The dollar fell broadly, after a drop in US shares and bond yields dimmed its allure, with markets focused on this week’s Federal Reserve policy meeting. It fell 0.35 percent against the safe-haven yen with a 7 percent drop in Chinese stocks impacting global risk sentiment, traders said.
The euro rose 0.7 percent to $ 1.1060, having gained about 1.4 percent last week. Germany’s IFO business climate index is forecast to dip slightly in July but will remain at levels consistent with a positive pace of economic growth.
Analysts said that would support the European Central Bank’s assessment that the outlook has not changed much over the past couple of months, despite the Greek crisis. Still, many suspect the ECB is becoming more concerned over falling commodity prices, which are likely to push eurozone inflation expectations lower.
“A risk-off sentiment is prevailing which is putting popular consensus trades under pressure. As a result we are seeing a short squeeze in the euro/dollar and euro/sterling,” said Yujiro Goto, currency analyst at Nomura.

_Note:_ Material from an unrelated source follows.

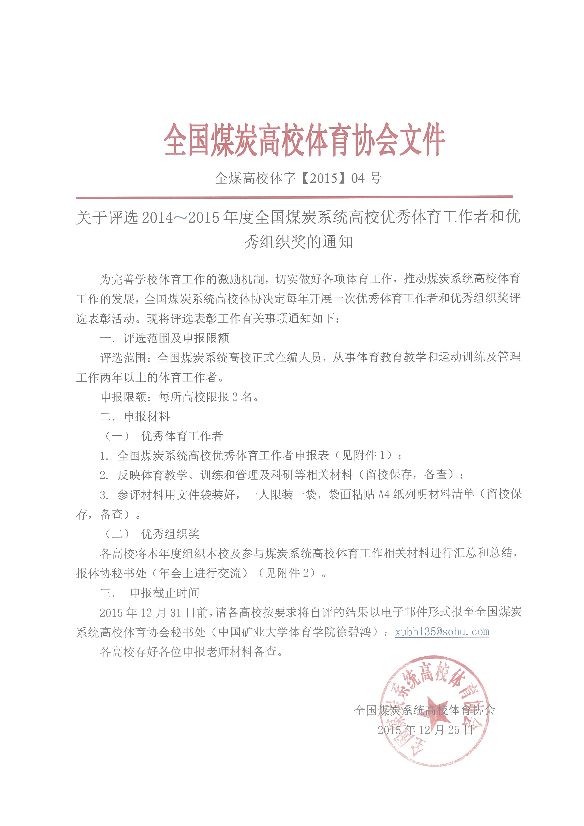 2015年12月31日前,请各高校按要求将自评的结果以电子邮件形式报至全国煤炭系统高校体育协会秘书处(太阳成集团122ccvip徐碧鸿):xubh135@sohu.com
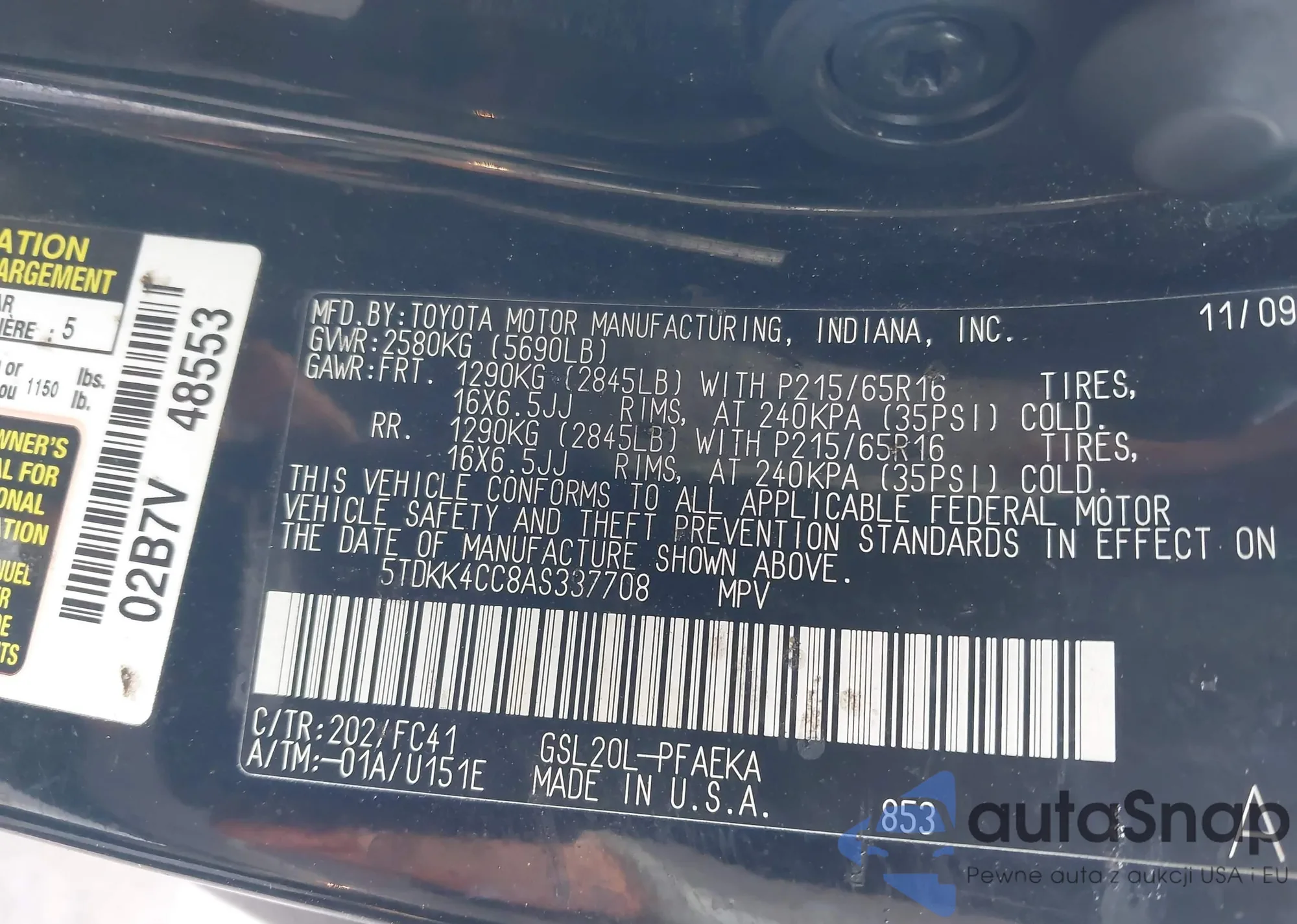 Samochód Toyota Sienna 2010 (VIN 5TDKK4CC8AS337708) nie był wcześniej licytowany. Dokumenty są czyste, przebieg odpowiada lub jest niższy niż średnia rynku. Sprzedaje go firma ubezpieczeniowa – polecamy zakup. Dostawa do portu zajmie ok. 6–8 tygodni.

“Any positive impact from IFO on the euro is likely to be brief. Over the medium term we expect the dollar to gain the upper hand.”
The euro has lost as much as 5 percent against the dollar since mid-June on Greek debt worries and the divergence of US and European monetary policies, but a technical correction to the dollar’s rally gave the euro a breather last week.
The market will watch the July 28-29 Fed meeting to see if policymakers provide clues for the timing of a rate “lift-off.” Steadily rising expectations the Fed could begin hiking rates as early as September have been a key factor behind the dollar’s gains over the past month.
Aside from the Fed, the focus remained on sliding commodity prices and their potential impact on currencies. The more obvious impact from lower commodity prices has been felt by currencies of exporters such as Canada, Australia and Norway. But commodity-importer currencies such as the yen were also expected to feel the effect.
“A drop in commodities generates images of a cooling global economy, which in turn leads to ‘risk off’ that could prompt short-covering of the yen,” said Masafumi Yamamoto, a senior strategist at Monex in Tokyo.
“Moreover, cheaper oil lessens import costs and improves Japan’s trade balance. If it ends up boasting a sizeable current account surplus, Japan could face criticism that the yen is too weak,” he said.
US crude traded near four-month lows on Monday, dogged by concerns over oversupply and potentially weaker demand from major consumers like China.